> Task brief: Restate word for word the lines below that run from the one holding "в Сургуте купить" through the one holding "在产品布局上,荆华密算面向数", inclusive. Pictures don't belong in the copy.

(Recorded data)

******************************

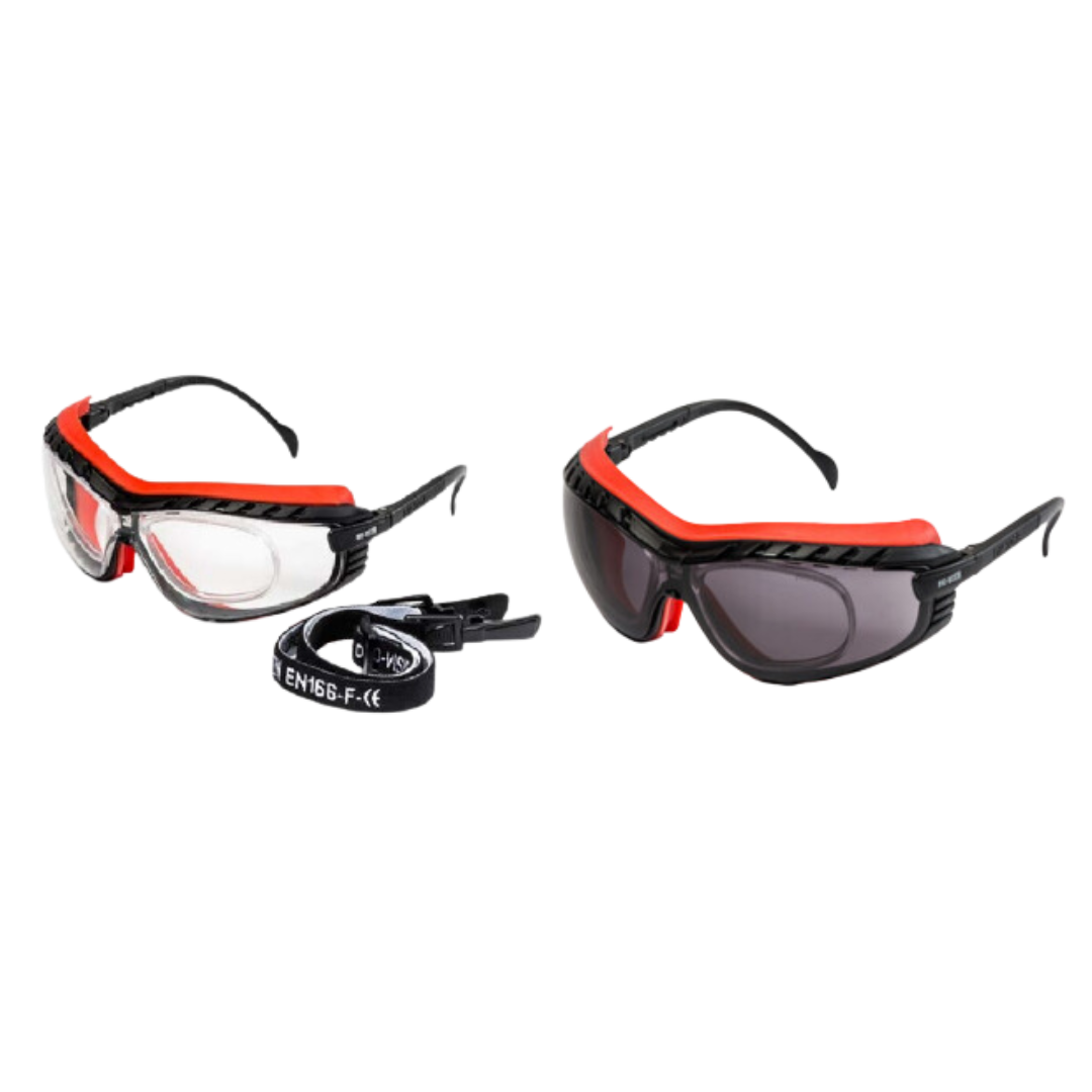 Used as a spectacle or a goggle all in one! · Prescription lens inner attachment · Polycarbonate mono lens & soft rubber face seal.
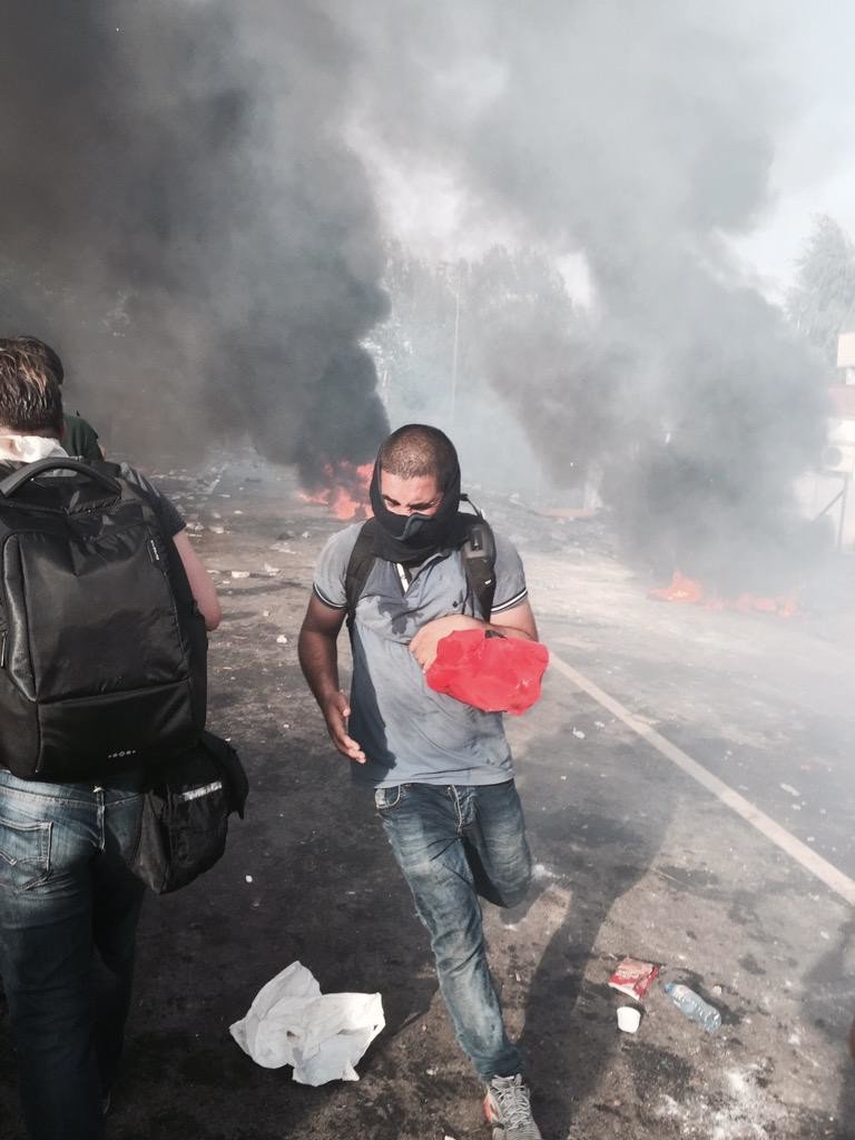 — Francisco Guaita (@Guaitafran) September 16, 2015Para intentar disminuir el efecto del gas pimienta, ponen un carton ardiendo a la persona #refugiados#hungriapic.twitter.com/rMjdHP4PSy
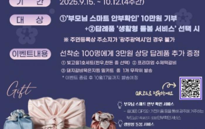 광주시가 추석명절을 맞아 고향사랑기부로 ‘부모님 스마트 안부확인 서비스’를 신청한 기부자 100명에게 3만원 상당의 프리미엄 답례품을 추가로 제공한다.광주광역시(시장 강기정)는 오는 10월12일까지 고향사랑기부제 참여를 독려하고 부모님 돌봄서비스 이용을 장려하기 위해
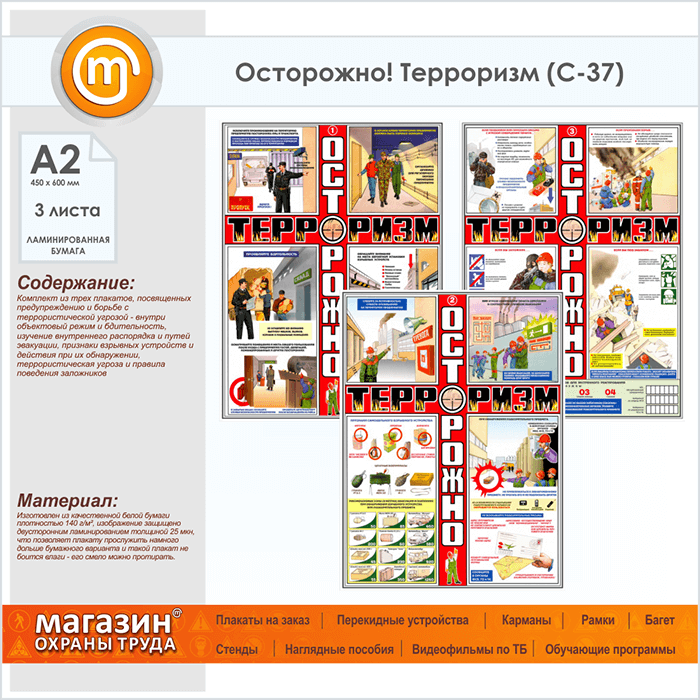 Плакаты «Осторожно! Терроризм» (С-37, ламинированная бумага, А2, 3 листа) в Сургуте купить
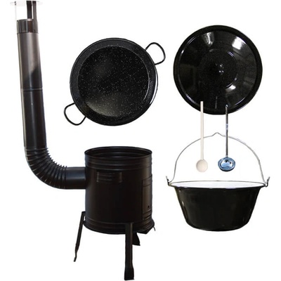 Souprava obsahuje Paella smaltovanú pánev průměr 34 cm, smaltovaný kotlík objem 10 L (1,2 mm), kotlinu s průměrem 31 cm, smaltovanú poklicu, nerezovú naběračku, vařečku
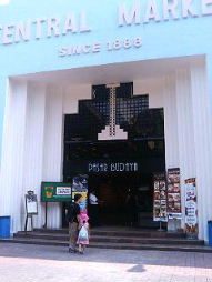 今日は、「るるぶ」を見て、気になっていた、セントラル・マーケットに。観光スポットで、お土産物屋がたくさん入っている建物とか。ピューターやバティックの店、アクセサリーなどの店をウィンドウショッピングした。その後、横断歩道を渡ってすぐの、チャイナタウンを散歩。指圧マッサージの呼び込みや、男性はアヤシイビデオの売り込みで、声をかけられたり、賑やかな雰囲気。(↑さすがに、家族連れのダンナくんには、ビデオ販売の声をかけにくかったらしく、ほとんどなかった。)フルーツの屋台がたくさんあった。私には、まだ相場がわからないけど、スーパーより安いらしい。チャイナタウンをひとまわりして、ランチはセントラル・マーケット2階にあるフードコートで。余談ながら、ここのトイレは有料。RM0.3(約9円)でも、水びたしで、子供にはチョット‥という感じだった。
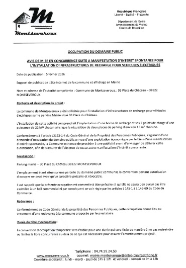 Avis de mise en concurrence suite à manifestation d’intérêt spontanée pour l’installation d’infrastructures de recharge pour véhicules électriques.
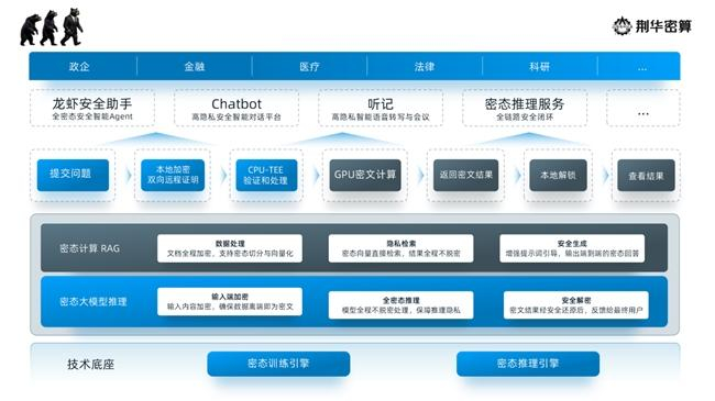 在产品布局上,荆华密算面向数据高敏感行业提供高密级的本地化私域部署方案,构建覆盖“输入-推理-输出”全流程的密态计算防护体系;面向开发者与C端用户,推出密态推理平台和“龙虾安全卫士”,支持跨平台、多终端即插即用;同时针对高价值私域数据领域,基于密态训练引擎,实现数据真正以密文形式的租赁式出售。首批商业落地场景覆盖政企、金融、医疗、法律、科研等行业。
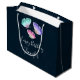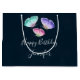 Eine personalisierte Geburtstagsgeschenktasche (groß) mit hübschem Design. 3 Schmetterlinge in Aquarellfarbe, rosa, lila und grün gestrichen. Dunkelblauer Aquarellhintergrund.

******************************

> Your response:
 Плакаты «Осторожно! Терроризм» (С-37, ламинированная бумага, А2, 3 листа) в Сургуте купить
 Souprava obsahuje Paella smaltovanú pánev průměr 34 cm, smaltovaný kotlík objem 10 L (1,2 mm), kotlinu s průměrem 31 cm, smaltovanú poklicu, nerezovú naběračku, vařečku
 今日は、「るるぶ」を見て、気になっていた、セントラル・マーケットに。観光スポットで、お土産物屋がたくさん入っている建物とか。ピューターやバティックの店、アクセサリーなどの店をウィンドウショッピングした。その後、横断歩道を渡ってすぐの、チャイナタウンを散歩。指圧マッサージの呼び込みや、男性はアヤシイビデオの売り込みで、声をかけられたり、賑やかな雰囲気。(↑さすがに、家族連れのダンナくんには、ビデオ販売の声をかけにくかったらしく、ほとんどなかった。)フルーツの屋台がたくさんあった。私には、まだ相場がわからないけど、スーパーより安いらしい。チャイナタウンをひとまわりして、ランチはセントラル・マーケット2階にあるフードコートで。余談ながら、ここのトイレは有料。RM0.3(約9円)でも、水びたしで、子供にはチョット‥という感じだった。
 Avis de mise en concurrence suite à manifestation d’intérêt spontanée pour l’installation d’infrastructures de recharge pour véhicules électriques.
 在产品布局上,荆华密算面向数据高敏感行业提供高密级的本地化私域部署方案,构建覆盖“输入-推理-输出”全流程的密态计算防护体系;面向开发者与C端用户,推出密态推理平台和“龙虾安全卫士”,支持跨平台、多终端即插即用;同时针对高价值私域数据领域,基于密态训练引擎,实现数据真正以密文形式的租赁式出售。首批商业落地场景覆盖政企、金融、医疗、法律、科研等行业。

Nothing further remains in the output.